■ **What you are asked to do**
Reproduce, exactly and only, the lines of the data that follows from the one containing "日前,福建省委教育工委发布《" down to the one containing "Sodalität noch einmal", without pictures.

■ **Source material**
◇ ◇ ◇
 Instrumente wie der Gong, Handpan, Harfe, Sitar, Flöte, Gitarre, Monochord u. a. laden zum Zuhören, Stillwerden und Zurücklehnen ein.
◇ ◇ ◇
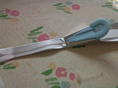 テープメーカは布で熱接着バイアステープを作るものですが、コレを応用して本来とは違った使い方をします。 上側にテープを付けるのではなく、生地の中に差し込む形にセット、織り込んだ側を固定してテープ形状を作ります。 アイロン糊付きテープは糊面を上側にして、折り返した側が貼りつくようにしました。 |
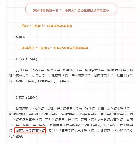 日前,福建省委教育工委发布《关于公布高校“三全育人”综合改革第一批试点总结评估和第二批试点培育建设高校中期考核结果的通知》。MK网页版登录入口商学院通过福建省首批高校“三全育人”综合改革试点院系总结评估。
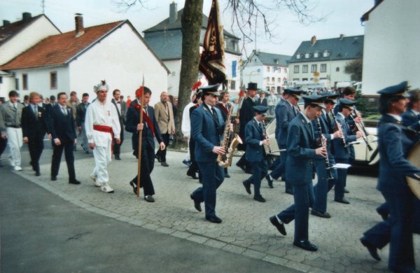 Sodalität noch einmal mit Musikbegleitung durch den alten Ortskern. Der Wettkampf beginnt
◇ ◇ ◇
■ **Solution**
 日前,福建省委教育工委发布《关于公布高校“三全育人”综合改革第一批试点总结评估和第二批试点培育建设高校中期考核结果的通知》。MK网页版登录入口商学院通过福建省首批高校“三全育人”综合改革试点院系总结评估。
 Sodalität noch einmal mit Musikbegleitung durch den alten Ortskern. Der Wettkampf beginnt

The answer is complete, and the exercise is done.